What the task asks -
Your output consists solely of the lines from the one that contains "लैङ्गिक हिंसा विरुद्धको" to the end of the material, each reproduced exactly; pictures do not belong in it.

The input -
######

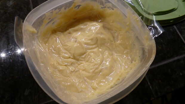 Verter la crema pastelera en un recipiente y cubra con envoltura de plástico (la envoltura de plástico es para evitar una "piel" de la formación de la crema pastelera). Refrigere la crema hasta que se enfríe.
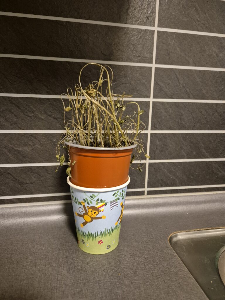 In unsere Küche ist auch ein Basilikum eingezogen, denn ein paar Erasmus-Studierende sind nach Tromsø gefahren. Die Pflanze macht allerdings keinen besonders lebendigen Eindruck mehr, aber ihre Besitzerin ist überzeugt, dass nur ein wenig Zuneigung notwendig sei.
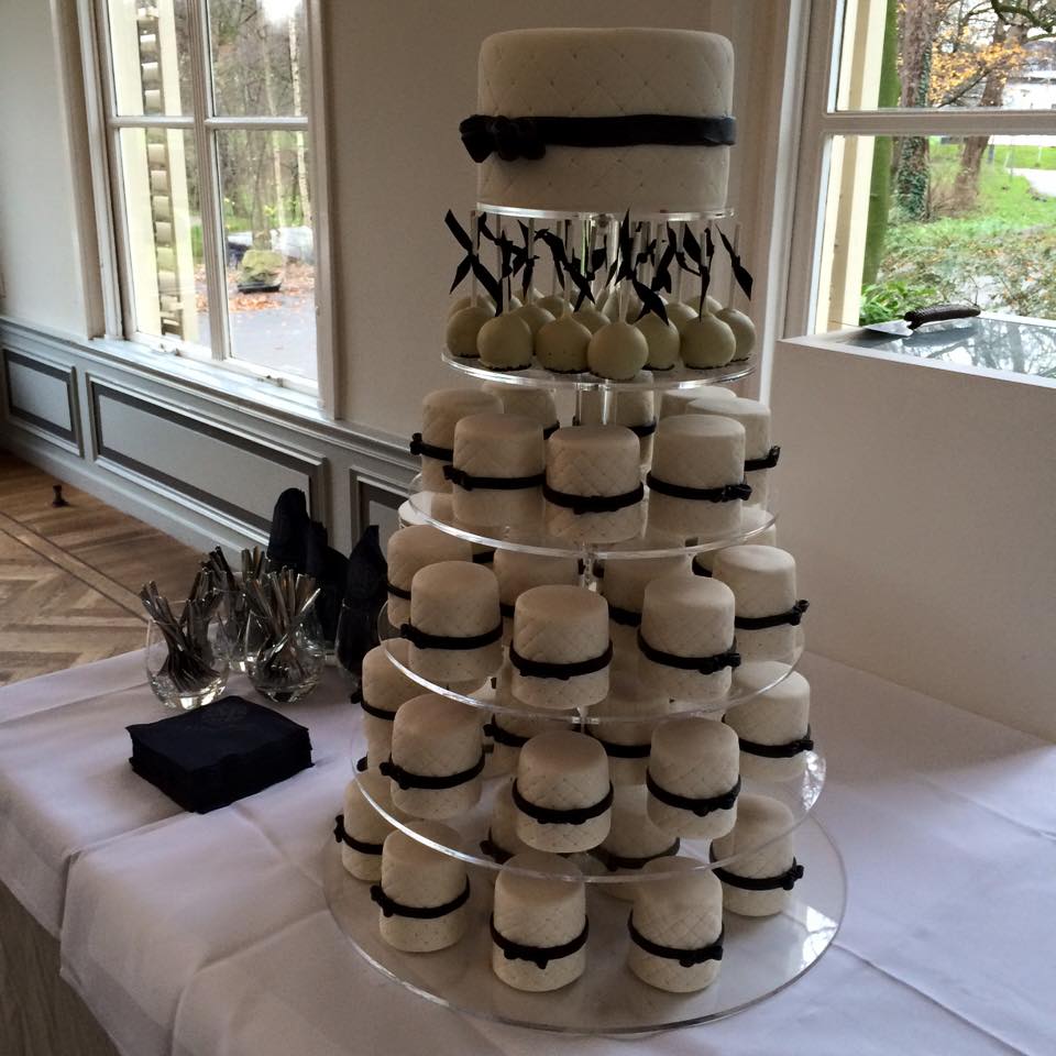 Natuurlijk is een witte bruidstaart met bloemwerk prachtig, maar het kan ook anders. Bijzondere kleuren, of helemaal geen taart maar een complete sweettable. Of een heleboel kleine taartjes, met allemaal verschillende smaken zodat iedereen zelf kan kiezen.
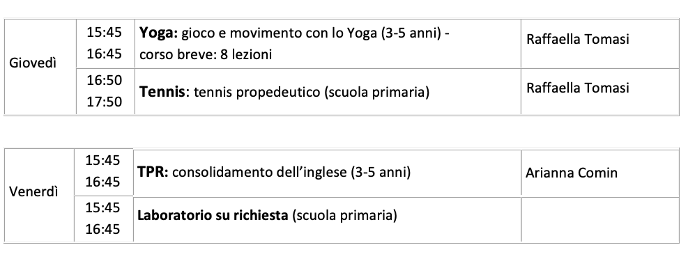 comunichiamo le attività extra scolastiche che proponiamo per i bambini della Scuola dell’Infanzia e della Scuola Primaria a partire dalle ore 15:45.
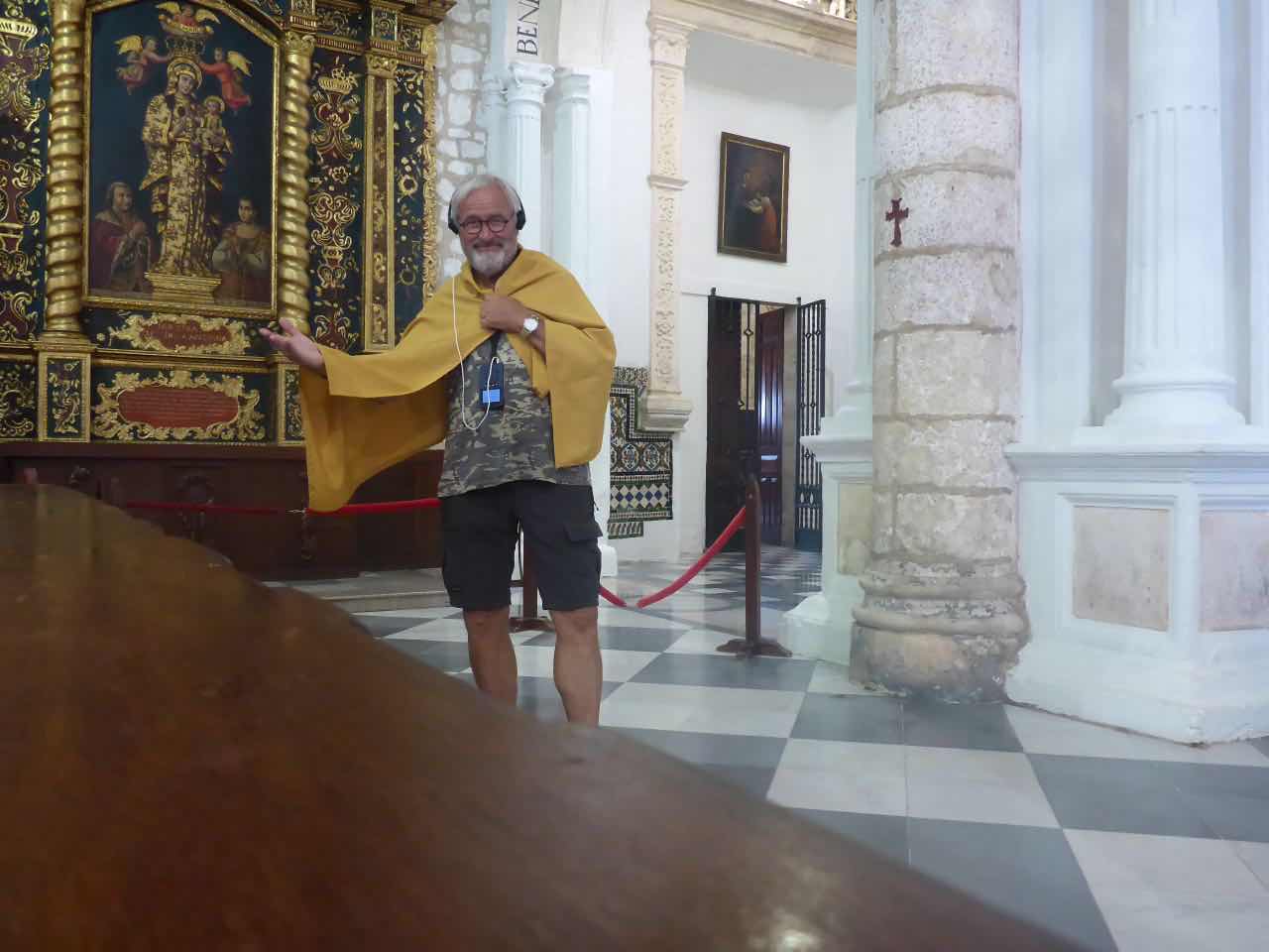Draußen ist es auch um diese Uhrzeit schon sehr warm, deshalb war ich froh, in die Kühle der Kathedrale eintauchen zu können. Leider Gottes (nomen est omen) sind hier Besucher mit Tanktops nicht zugelassen und so erhalte ich eine wärmende Decke, die ich über meine nackten Schultern legen muss.
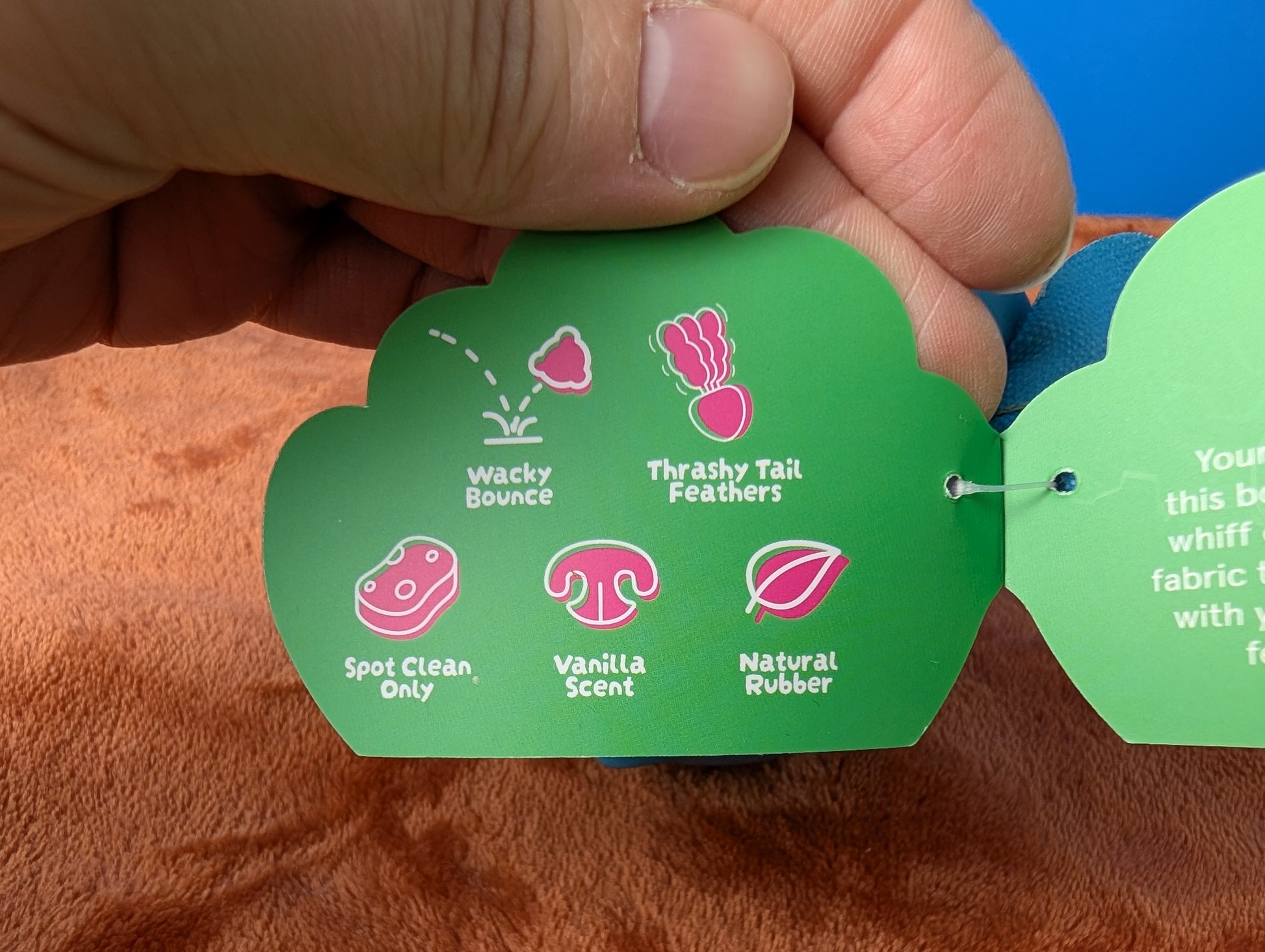 Super chewer, rubber, vanilla scent, wacky bounce
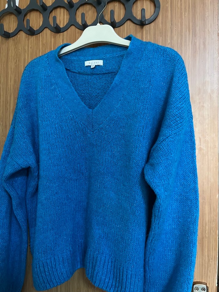 Mavi renkli, V yaka ve uzun kollu, bol kesim örgü kazak, rahat ve normcore tarzıyla günlük kullanıma uygun.
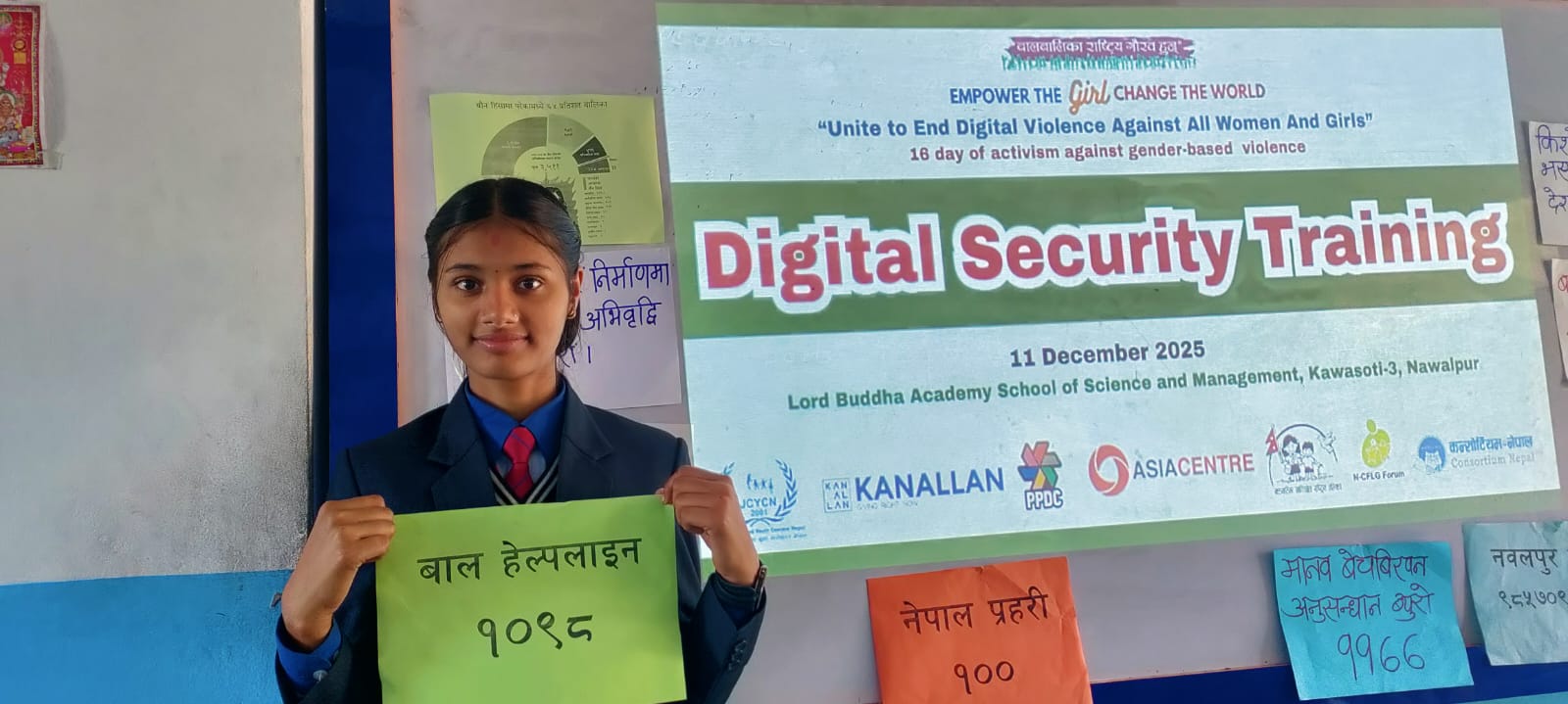 लैङ्गिक हिंसा विरुद्धको १६ दिने अभियानका अवसरमा कावासोती नगरपालिका-३ स्थित लर्ड बुद्ध एकेडेमी स्कुल अफ साइन्स एन्ड म्यानेजमेन्टमा डिजिटल सुरक्षा सम्बन्धी एक दिने तालिम सम्पन्न भएको छ। “सबै महिला र बालिकामाथि हुने डिजिटल हिंसा अन्त्य गर्न एकताबद्ध बनौँ” भन्ने अन्तर्राष्ट्रिय नारा तथा “प्रविधिको सही प्रयोग गरौँ, लैङ्गिक हिंसा अन्त्य गरौँ” भन्ने राष्ट्रिय नाराका साथ आयोजित उक्त तालिममा किशोर किशोरीलाई अनलाइन सुरक्षा तथा डिजिटल हिंसा न्यूनीकरणका विषयमा विस्तृत प्रशिक्षण प्रदान गरिएको थियो।
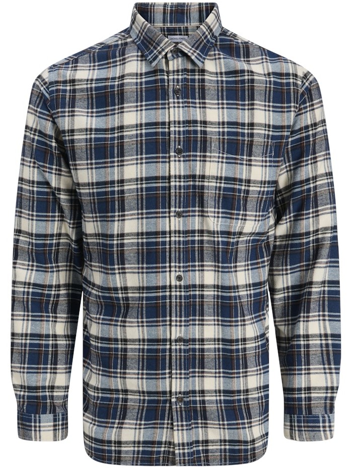 Kledingmaatgids - Jack & Jones James Long Sleeve Flannel Shirt Navy Blazer

######

Exercise result -
 लैङ्गिक हिंसा विरुद्धको १६ दिने अभियानका अवसरमा कावासोती नगरपालिका-३ स्थित लर्ड बुद्ध एकेडेमी स्कुल अफ साइन्स एन्ड म्यानेजमेन्टमा डिजिटल सुरक्षा सम्बन्धी एक दिने तालिम सम्पन्न भएको छ। “सबै महिला र बालिकामाथि हुने डिजिटल हिंसा अन्त्य गर्न एकताबद्ध बनौँ” भन्ने अन्तर्राष्ट्रिय नारा तथा “प्रविधिको सही प्रयोग गरौँ, लैङ्गिक हिंसा अन्त्य गरौँ” भन्ने राष्ट्रिय नाराका साथ आयोजित उक्त तालिममा किशोर किशोरीलाई अनलाइन सुरक्षा तथा डिजिटल हिंसा न्यूनीकरणका विषयमा विस्तृत प्रशिक्षण प्रदान गरिएको थियो।
 Kledingmaatgids - Jack & Jones James Long Sleeve Flannel Shirt Navy Blazer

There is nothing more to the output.